> **What to work on**: Please reproduce the lines from the one containing "Polera con cierre, estampada" through the end of the data below exactly as they stand, and omit all pictures.

> **Records for the exercise**:
BEGIN

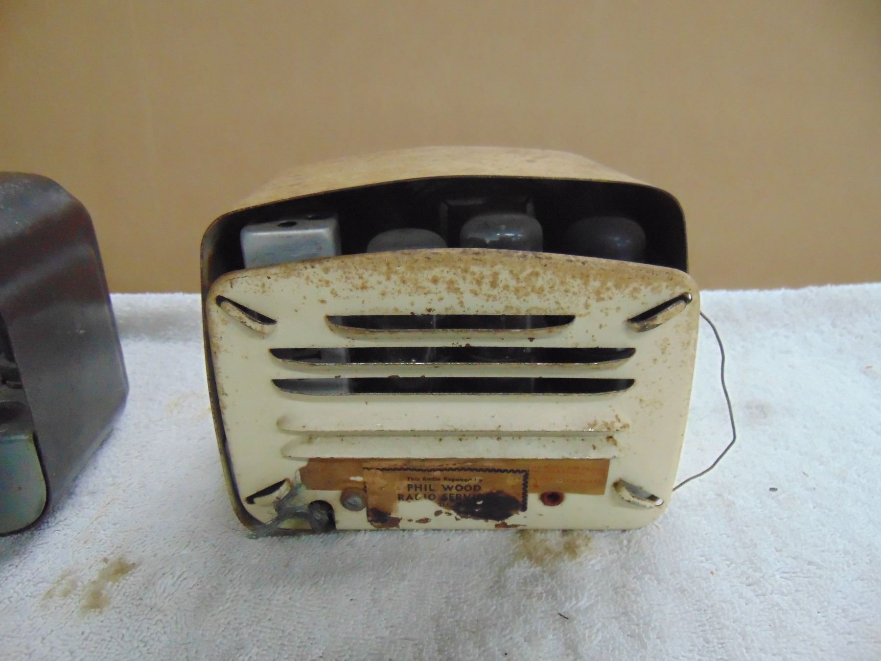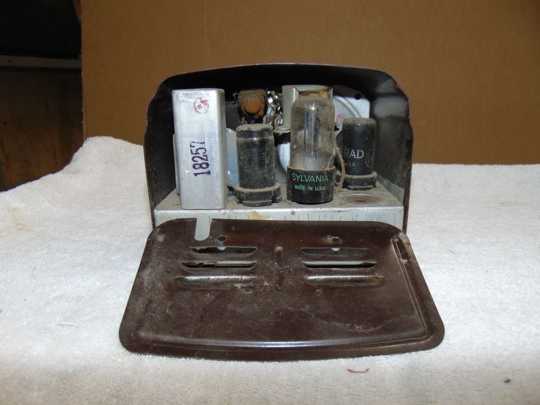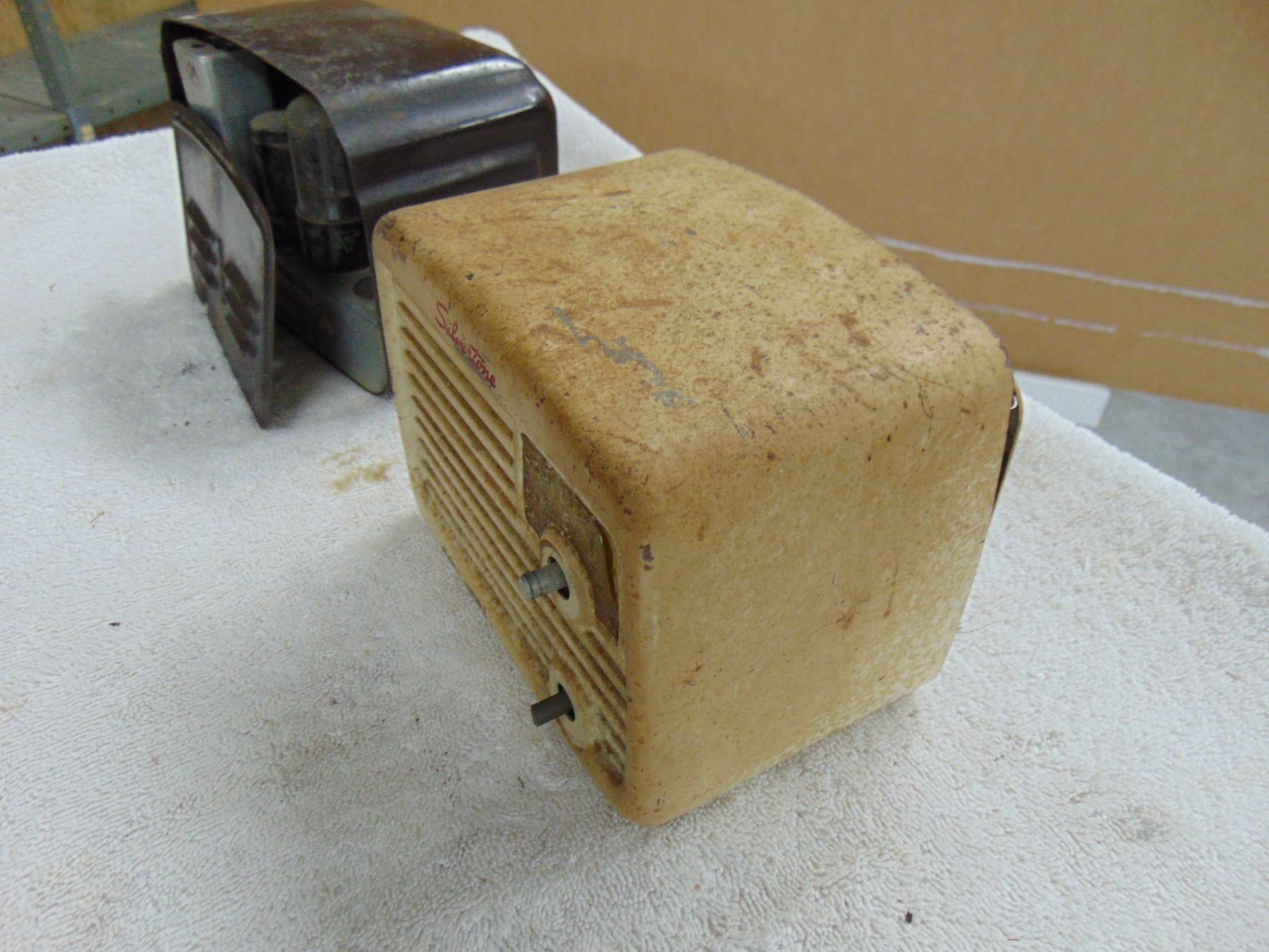 Brown metal Arvin, with back, model 424; ALSO, Silvertone metal set, original back
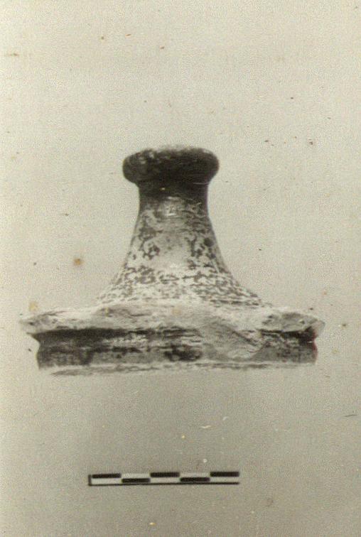 | Description: | The heavy raised base and the vertically pierced conical cone preserved; walls entirely missing. The top of the cone is finished with a rounded projecting knob. Black glaze considerably chipped, all over. Light reddish-buff clay. Type 26A of Agora collection. | |
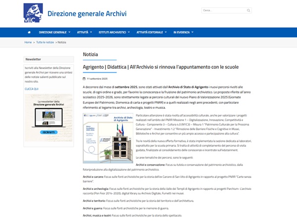 11 settembre 2025 siamo nelle Notizie della Direzione Generale Archivi con Agrigento | Didattica | All'Archivio si rinnova l'appuntamento con le scuole
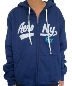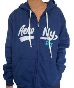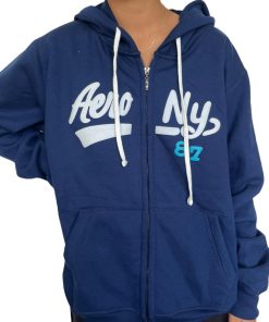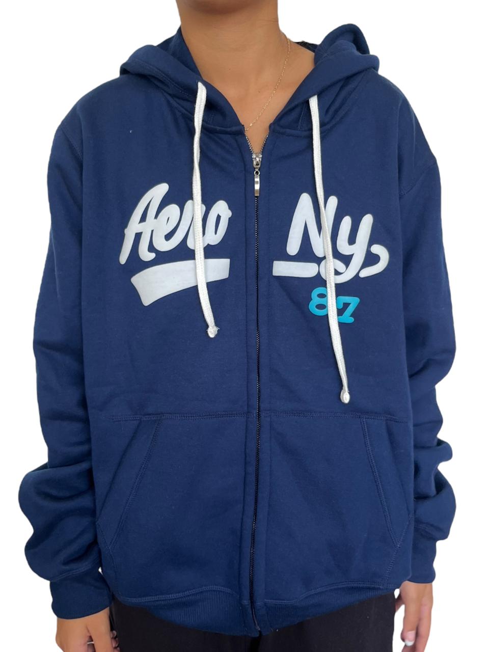 Polera con cierre, estampada en el pecho, con capucha y canguro
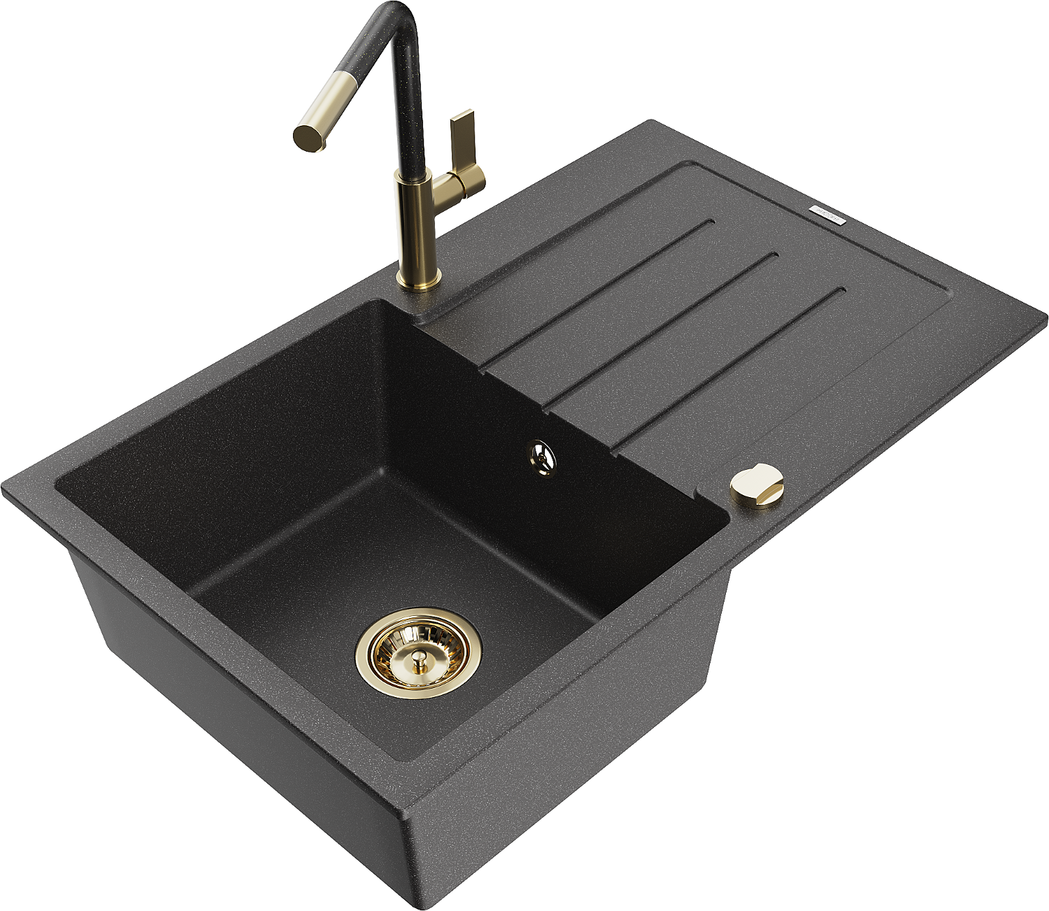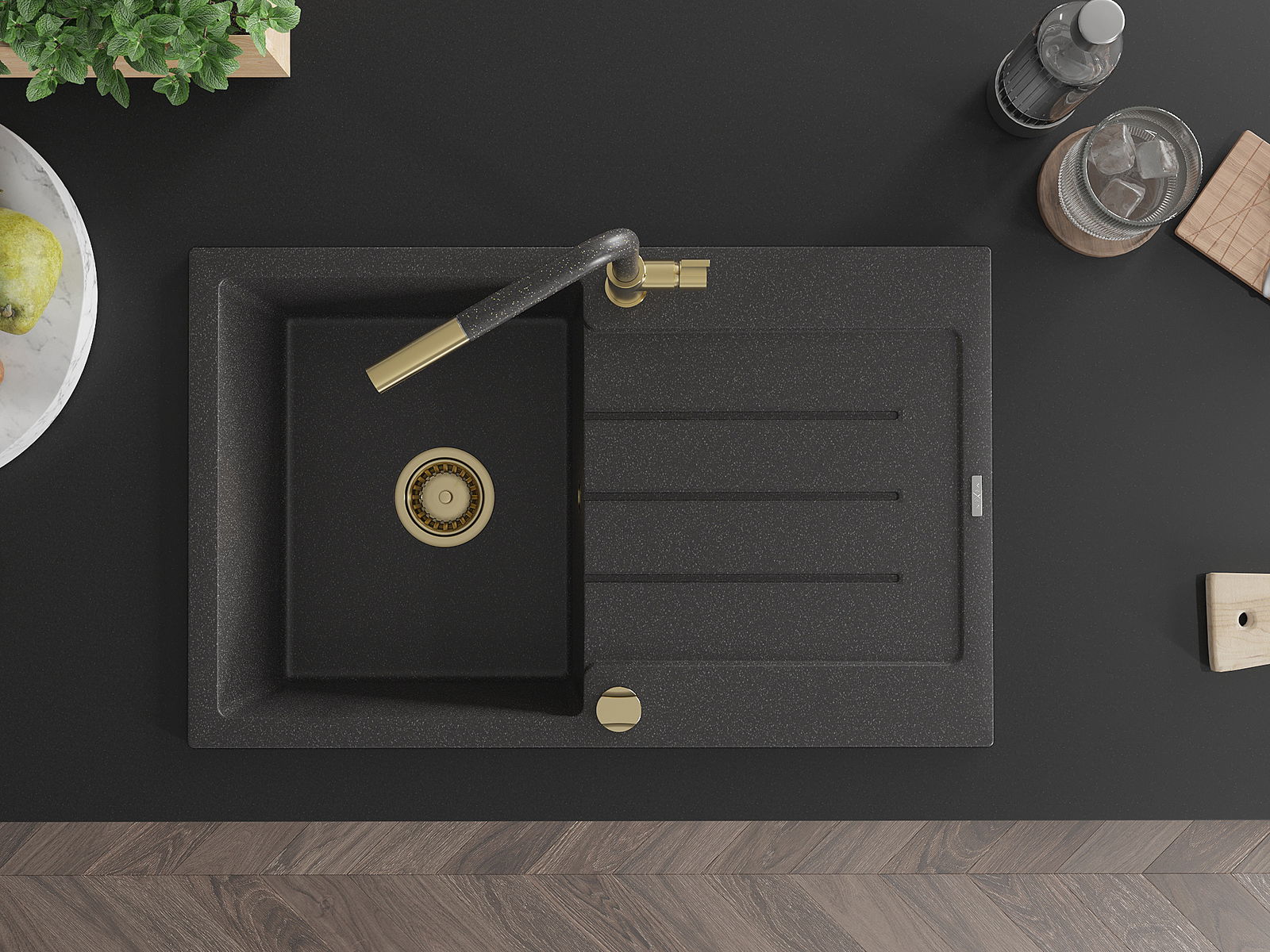Mexen Bruno évier de cuisine en granit 1 bac avec égouttoir et robinet de cuisine Flora, noir moucheté - 6513-76-670401-75-G
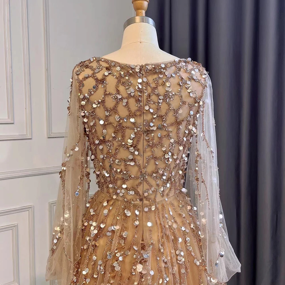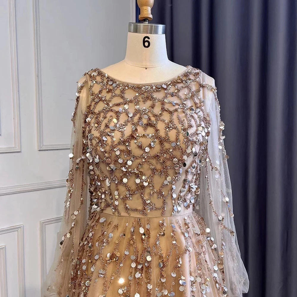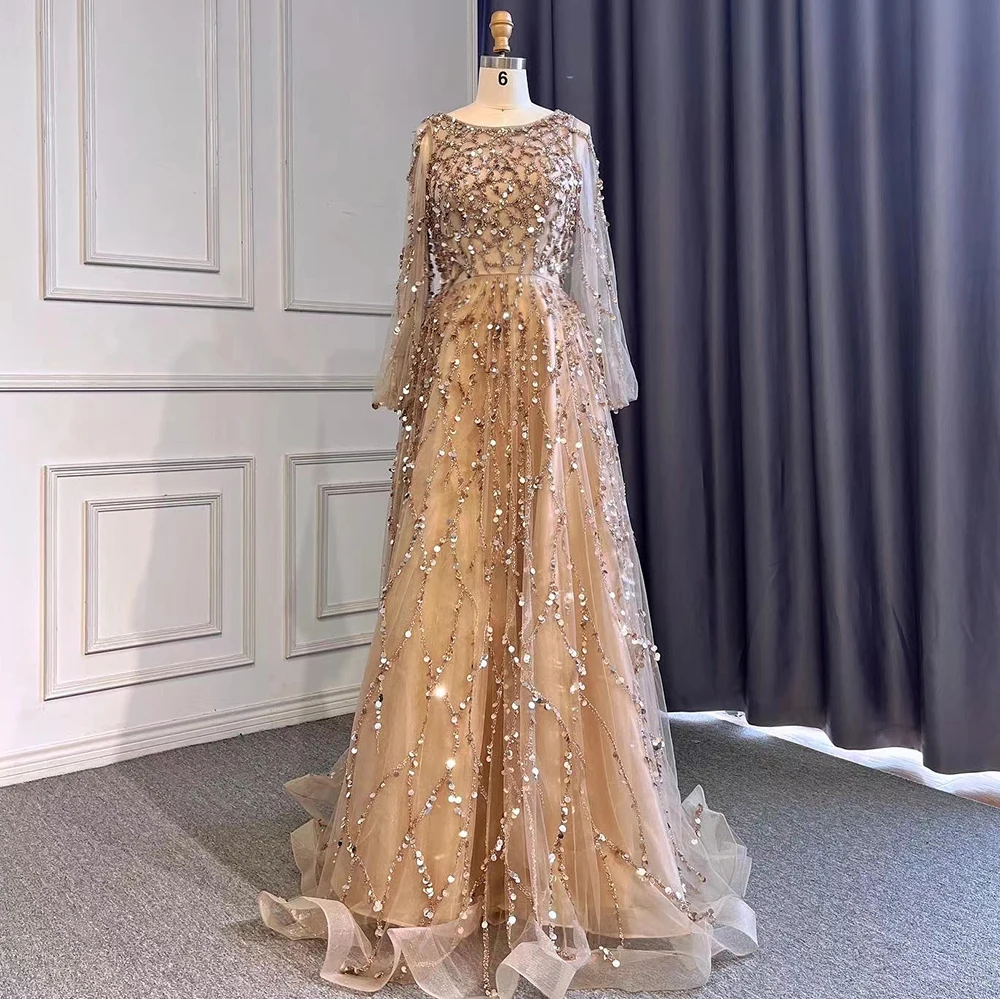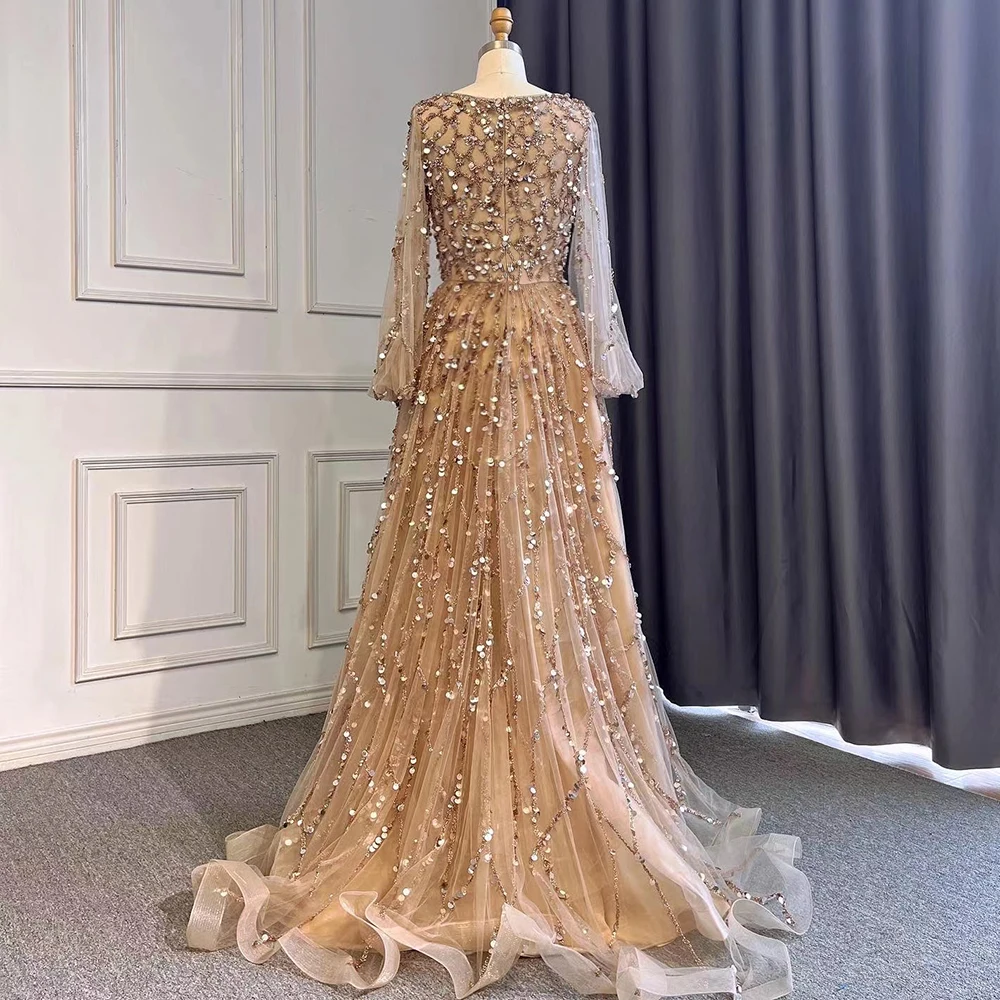 فستان سهرة فاخر من Serene Hill بلون أخضر على شكل حرف a لعام 2023 بأكمام منتفخة على شكل حرف o مطرز جذاب للحفلات الرسمية للنساء LA71049A

END

> **Answer area**:
 Polera con cierre, estampada en el pecho, con capucha y canguro
Mexen Bruno évier de cuisine en granit 1 bac avec égouttoir et robinet de cuisine Flora, noir moucheté - 6513-76-670401-75-G
 فستان سهرة فاخر من Serene Hill بلون أخضر على شكل حرف a لعام 2023 بأكمام منتفخة على شكل حرف o مطرز جذاب للحفلات الرسمية للنساء LA71049A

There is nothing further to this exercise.